Give back all of the data exactly, with every picture omitted.

Dataset items
[Start of section]

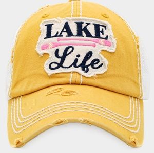 lake life yellow hat ventilation on sides and back. adjustable band
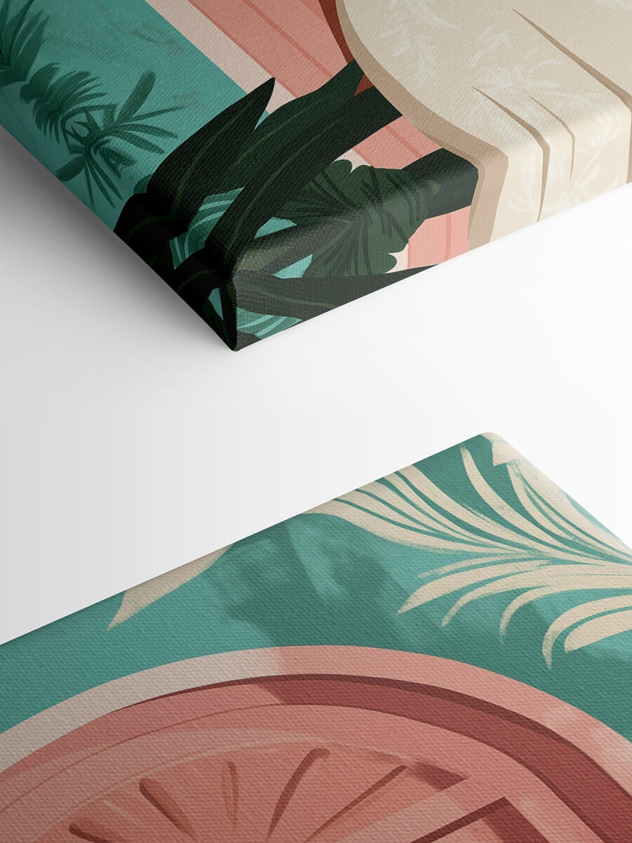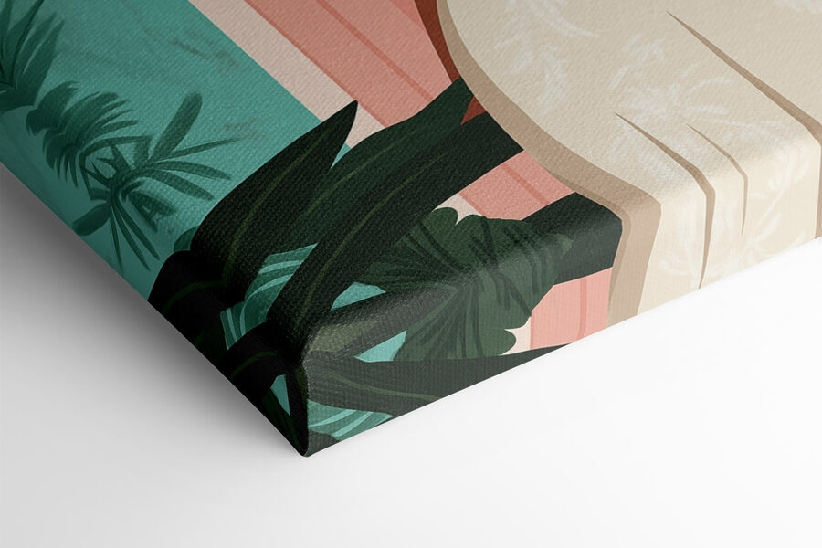 Uchwyć odrobinę magii lata dzięki temu wspaniałemu wydrukowi na płótnie. Wyobraź sobie beztroski dzień, wygrzewając się na słońcu, podczas gdy stylowa kobieta w białej sukience i eleganckim kapeluszu bez wysiłku stoi przed pastelowym tłem. To tak, jakby zapraszała Cię, byś dołączył do niej w słonecznej przygodzie. Żywe odcienie i zabawne wibracje sprawiają, że obraz ten jest idealny do rozjaśnienia każdego pomieszczenia – niezależnie od tego, czy jest to przytulny salon, czy przewiewna sypialnia. Kojarzy się z leniwymi popołudniami, zimnymi drinkami i śmiechem. Powieś go i pozwól, aby inspirował marzenia o tropikalnych ucieczkach każdego dnia!
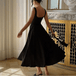 Design: A stylish ankle-length backless dress featuring an O-neckline, sleeveless design, and draped detailing. The A-line silhouette and empire waistline create an elegant and flattering look, perfect for casual spring and summer outings.
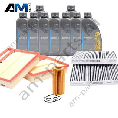 Состав набора ТО-2/4: Масляный фильтр HU721/3X- 1 шт. Воздушный фильтр C25110-2- 1 шт. Фильтр салона CUK27021-2- 1 шт. Свечи зажигания 5648- 24 шт. Оригинальное масло МB 229.5- 9 л.
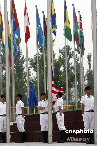 8月4日,馬來(lái)西亞奧運(yùn)代表團(tuán)在北京奧運(yùn)村舉行升旗儀式。
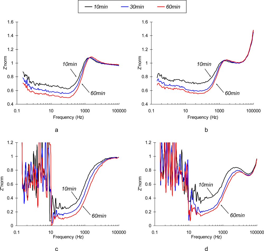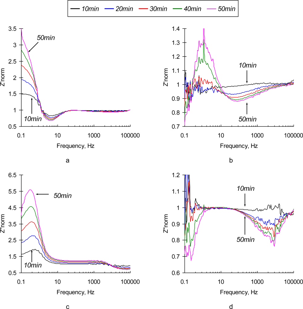 Normalized values of Z′ (a,b) and Z″ (c,d) parts of electrochemical impedance spectra of a non-polarized (φ= −0.765 V vs. Ag/AgCl) SEB immunosensor in 0.3% NaCl (a, c) and 0.3% NaCl + 10 μg/mL (b, d) as a function of time (10 min, 20 min, 30 min, 40 min, and 50 min).
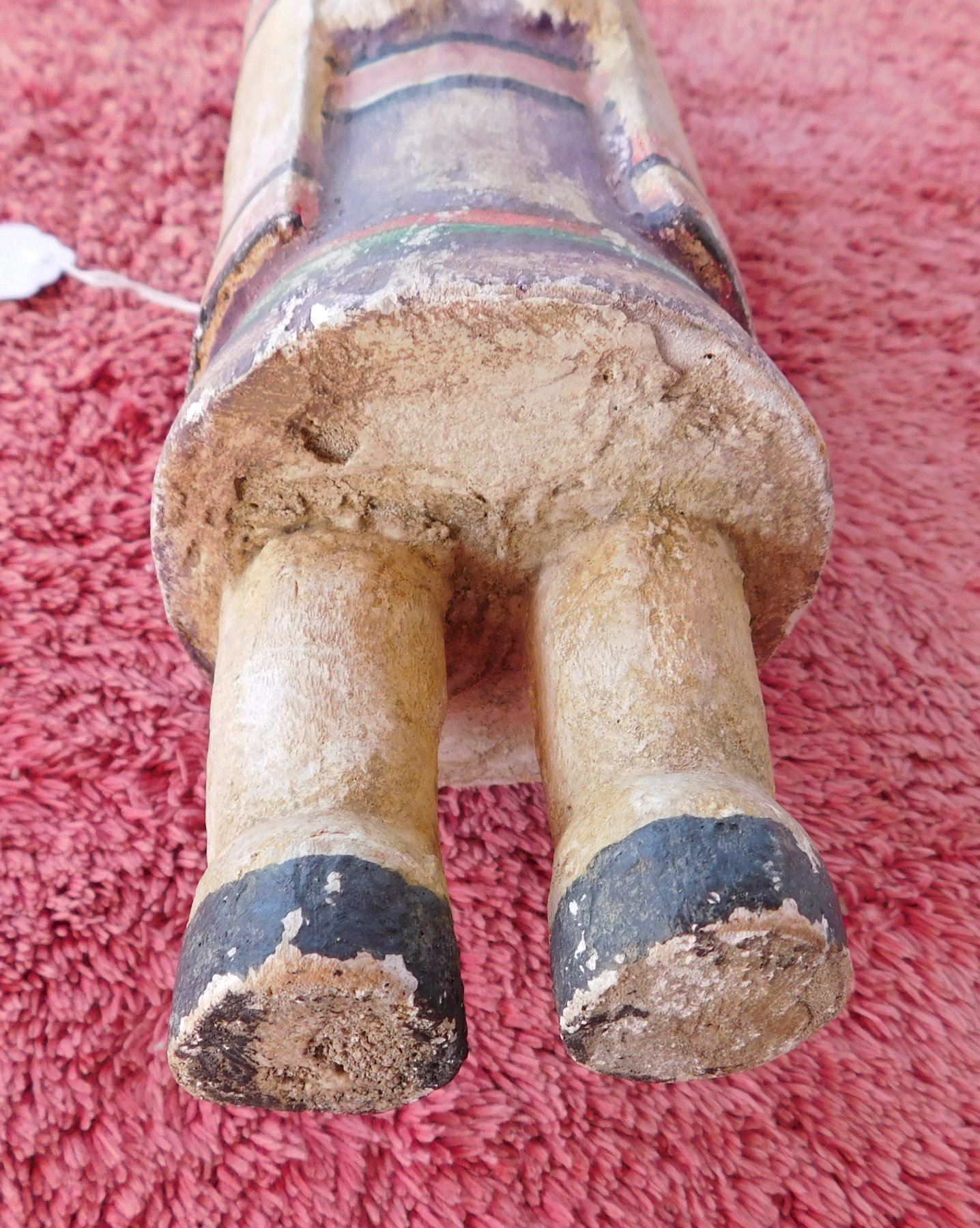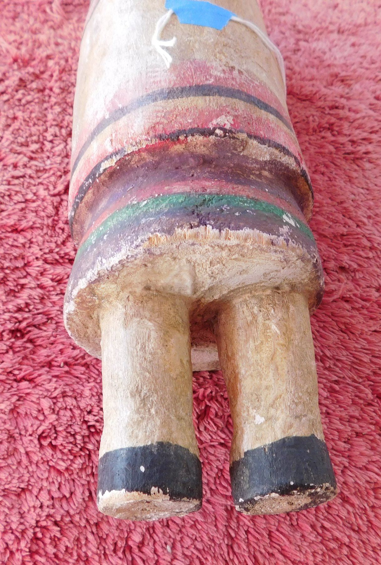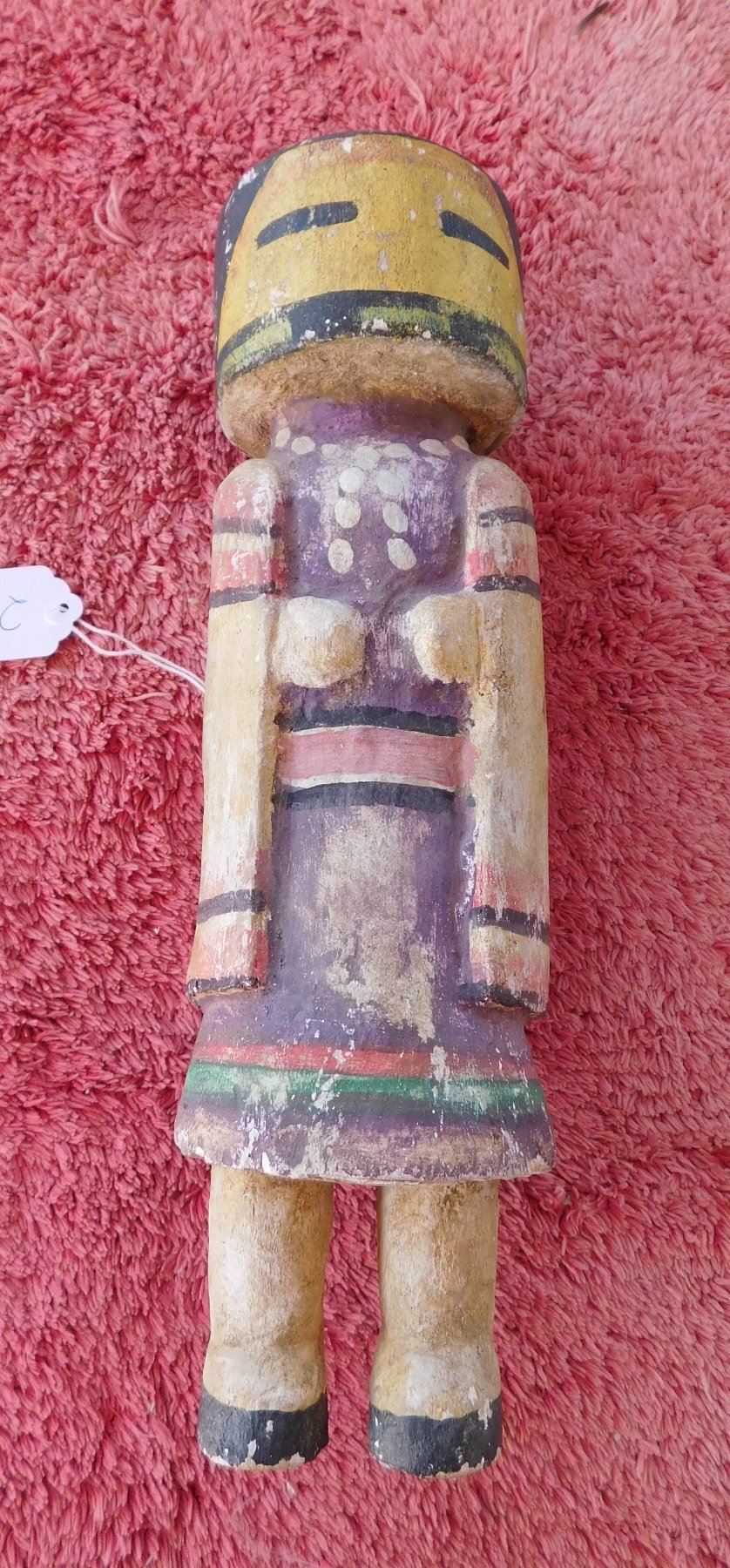 Hopi Kachina Doll, consignor reports item is late 19th century. Made of cottonwood and paint, the item measures 12" x 3.5". Arizona. Condition: Wear, scuffs, feathers gone, see images. Shipping: $25.50 w/insurance and signature.
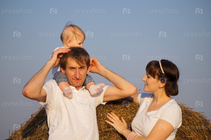 Молодая счастливая семья на прогулке
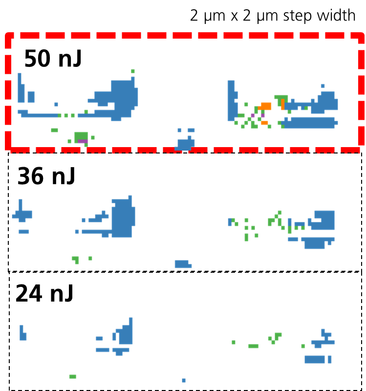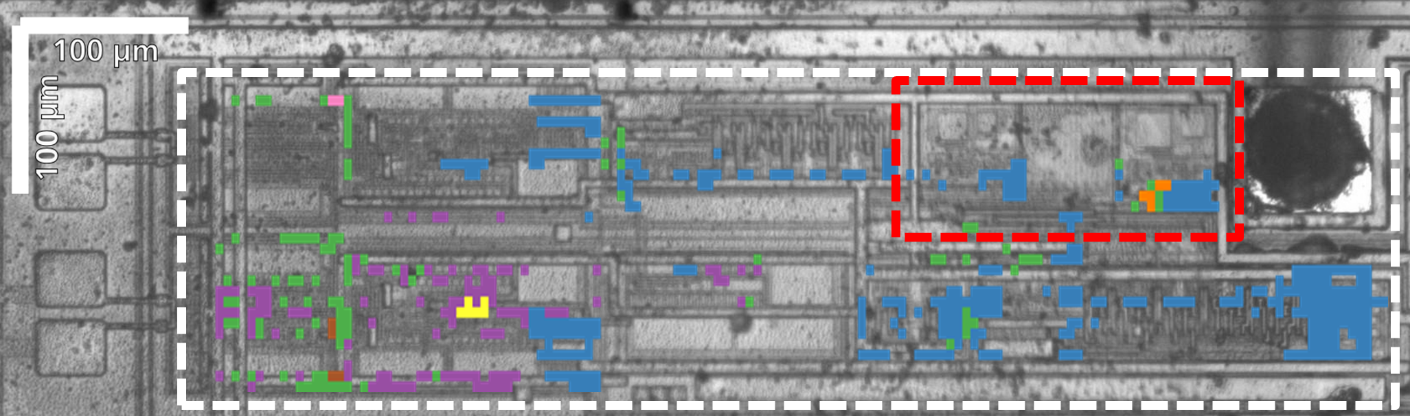 Teilchen kosmischer Strahlung aus dem Weltraum können in elektronische Bauteile einschlagen und temporäre oder dauerhafte Fehlfunktionen herbeiführen. Mittels eines Pikosekundenlasers werden diese so genannten Single Event Effects (SEEs) am Fraunhofer INT simuliert und untersucht. Die Untersuchungen zeigten Regionen auf einem elektronischen Bauteil, welche unter Laserbeschuss einen erhöhten Stromfluss, einen Single Event LatchUp (SEL), aufwiesen. Ohne Schutzmaßnahmen können diese SELs dazu führen, dass ein Bauteil durchbrennt und funktionsunfähig wird (Abb. 1 SELs in blau). Es konnte außerdem die genaue räumliche Verteilung von verschiedenen kurzzeitigen Störungen (Transienten) lokalisiert werden, welche zu Fehlern im Bauteil führen können (Abb. 2). Sämtliche SELs sowie einige der Transienten wurden bei vergleichbaren Schwerionentests nicht beobachtet.
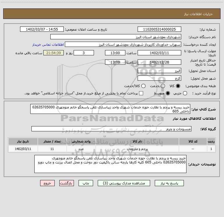 شرح کلی نیاز: خرید ریسه و پرچم با نظارت حوزه خدمات شهری واحد زیباسازی تلفن پاسخگو خانم منوچهری 02635705000 داخلی 605
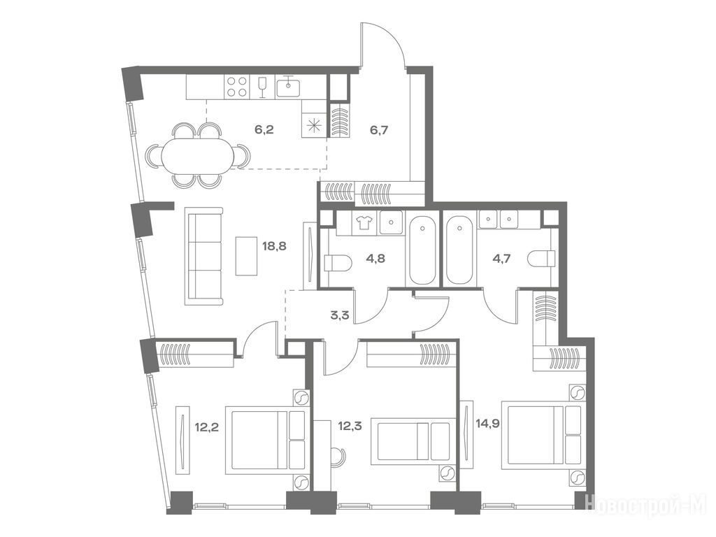 Продается трехкомнатная квартира в новостройке ЖК SOUL (Соул) по адресу Москва, САО, Аэропорт, ул. Часовая, вл. 28, корп. 9. Общая площадь квартиры - 83.9 кв. м. Тип проекта, по которому построен дом — Монолитно-кирпичный, компания-застройщик — FORMA (Форма), ООО СЗ Часовая. Стоимость квартиры — 50 893 740 руб. Способы оплаты можно уточнить у продавца. Срок сдачи — 1 квартал 2029. Более подробная информация по телефону.

[End of section]

● **Result below**:
 lake life yellow hat ventilation on sides and back. adjustable band
 Uchwyć odrobinę magii lata dzięki temu wspaniałemu wydrukowi na płótnie. Wyobraź sobie beztroski dzień, wygrzewając się na słońcu, podczas gdy stylowa kobieta w białej sukience i eleganckim kapeluszu bez wysiłku stoi przed pastelowym tłem. To tak, jakby zapraszała Cię, byś dołączył do niej w słonecznej przygodzie. Żywe odcienie i zabawne wibracje sprawiają, że obraz ten jest idealny do rozjaśnienia każdego pomieszczenia – niezależnie od tego, czy jest to przytulny salon, czy przewiewna sypialnia. Kojarzy się z leniwymi popołudniami, zimnymi drinkami i śmiechem. Powieś go i pozwól, aby inspirował marzenia o tropikalnych ucieczkach każdego dnia!
 Design: A stylish ankle-length backless dress featuring an O-neckline, sleeveless design, and draped detailing. The A-line silhouette and empire waistline create an elegant and flattering look, perfect for casual spring and summer outings.
 Состав набора ТО-2/4: Масляный фильтр HU721/3X- 1 шт. Воздушный фильтр C25110-2- 1 шт. Фильтр салона CUK27021-2- 1 шт. Свечи зажигания 5648- 24 шт. Оригинальное масло МB 229.5- 9 л.
 8月4日,馬來(lái)西亞奧運(yùn)代表團(tuán)在北京奧運(yùn)村舉行升旗儀式。
 Normalized values of Z′ (a,b) and Z″ (c,d) parts of electrochemical impedance spectra of a non-polarized (φ= −0.765 V vs. Ag/AgCl) SEB immunosensor in 0.3% NaCl (a, c) and 0.3% NaCl + 10 μg/mL (b, d) as a function of time (10 min, 20 min, 30 min, 40 min, and 50 min).
 Hopi Kachina Doll, consignor reports item is late 19th century. Made of cottonwood and paint, the item measures 12" x 3.5". Arizona. Condition: Wear, scuffs, feathers gone, see images. Shipping: $25.50 w/insurance and signature.
 Молодая счастливая семья на прогулке
 Teilchen kosmischer Strahlung aus dem Weltraum können in elektronische Bauteile einschlagen und temporäre oder dauerhafte Fehlfunktionen herbeiführen. Mittels eines Pikosekundenlasers werden diese so genannten Single Event Effects (SEEs) am Fraunhofer INT simuliert und untersucht. Die Untersuchungen zeigten Regionen auf einem elektronischen Bauteil, welche unter Laserbeschuss einen erhöhten Stromfluss, einen Single Event LatchUp (SEL), aufwiesen. Ohne Schutzmaßnahmen können diese SELs dazu führen, dass ein Bauteil durchbrennt und funktionsunfähig wird (Abb. 1 SELs in blau). Es konnte außerdem die genaue räumliche Verteilung von verschiedenen kurzzeitigen Störungen (Transienten) lokalisiert werden, welche zu Fehlern im Bauteil führen können (Abb. 2). Sämtliche SELs sowie einige der Transienten wurden bei vergleichbaren Schwerionentests nicht beobachtet.
 شرح کلی نیاز: خرید ریسه و پرچم با نظارت حوزه خدمات شهری واحد زیباسازی تلفن پاسخگو خانم منوچهری 02635705000 داخلی 605
 Продается трехкомнатная квартира в новостройке ЖК SOUL (Соул) по адресу Москва, САО, Аэропорт, ул. Часовая, вл. 28, корп. 9. Общая площадь квартиры - 83.9 кв. м. Тип проекта, по которому построен дом — Монолитно-кирпичный, компания-застройщик — FORMA (Форма), ООО СЗ Часовая. Стоимость квартиры — 50 893 740 руб. Способы оплаты можно уточнить у продавца. Срок сдачи — 1 квартал 2029. Более подробная информация по телефону.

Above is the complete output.